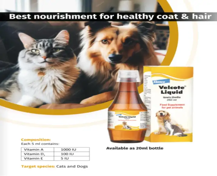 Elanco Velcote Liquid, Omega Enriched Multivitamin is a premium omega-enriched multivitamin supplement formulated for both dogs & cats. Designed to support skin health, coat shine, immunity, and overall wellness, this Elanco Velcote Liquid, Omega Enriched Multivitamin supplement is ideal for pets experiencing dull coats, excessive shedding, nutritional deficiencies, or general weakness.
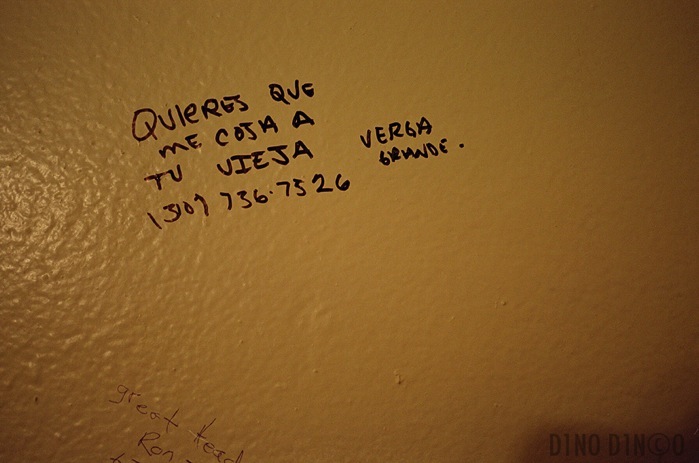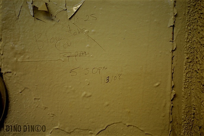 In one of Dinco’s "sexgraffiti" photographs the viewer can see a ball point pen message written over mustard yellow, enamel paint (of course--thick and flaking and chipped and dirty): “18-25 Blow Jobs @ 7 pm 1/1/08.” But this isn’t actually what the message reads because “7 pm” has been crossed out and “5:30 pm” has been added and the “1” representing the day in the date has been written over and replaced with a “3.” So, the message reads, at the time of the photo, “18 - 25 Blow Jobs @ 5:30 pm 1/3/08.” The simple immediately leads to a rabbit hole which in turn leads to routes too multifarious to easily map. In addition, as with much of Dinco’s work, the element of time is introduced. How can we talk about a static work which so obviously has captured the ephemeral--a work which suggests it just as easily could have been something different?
* * *
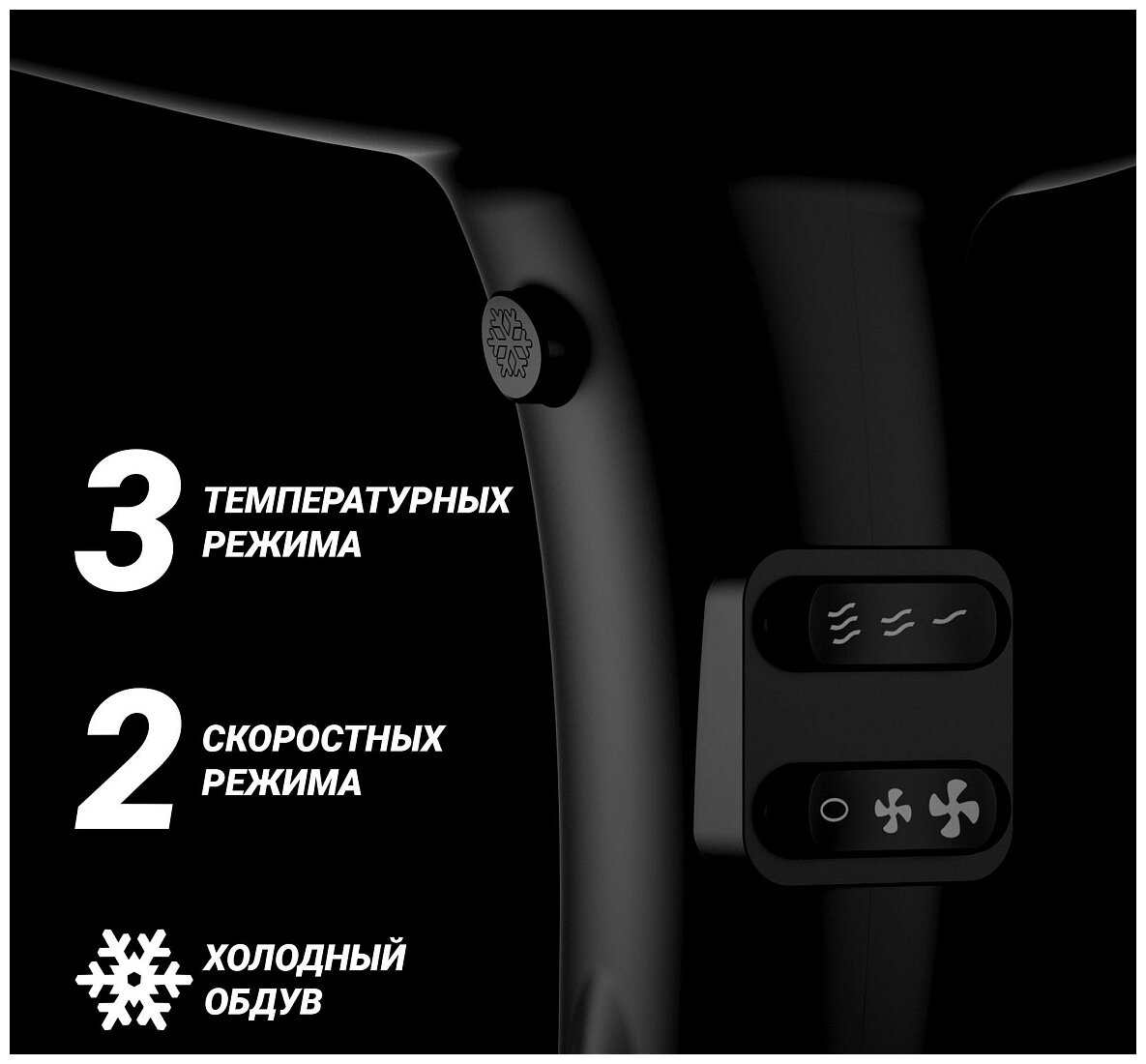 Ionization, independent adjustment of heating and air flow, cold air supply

▸ **WHAT THIS TASK INVOLVES**:
Copy the entries above exactly, but only the stretch from the line containing "Elanco Velcote Liquid, Omega Enriched Multivitamin is" through the line containing "In one of Dinco’s". Keep both end lines; drop the pictures.

▸ **WRITTEN SOLUTION**:
 Elanco Velcote Liquid, Omega Enriched Multivitamin is a premium omega-enriched multivitamin supplement formulated for both dogs & cats. Designed to support skin health, coat shine, immunity, and overall wellness, this Elanco Velcote Liquid, Omega Enriched Multivitamin supplement is ideal for pets experiencing dull coats, excessive shedding, nutritional deficiencies, or general weakness.
 In one of Dinco’s "sexgraffiti" photographs the viewer can see a ball point pen message written over mustard yellow, enamel paint (of course--thick and flaking and chipped and dirty): “18-25 Blow Jobs @ 7 pm 1/1/08.” But this isn’t actually what the message reads because “7 pm” has been crossed out and “5:30 pm” has been added and the “1” representing the day in the date has been written over and replaced with a “3.” So, the message reads, at the time of the photo, “18 - 25 Blow Jobs @ 5:30 pm 1/3/08.” The simple immediately leads to a rabbit hole which in turn leads to routes too multifarious to easily map. In addition, as with much of Dinco’s work, the element of time is introduced. How can we talk about a static work which so obviously has captured the ephemeral--a work which suggests it just as easily could have been something different?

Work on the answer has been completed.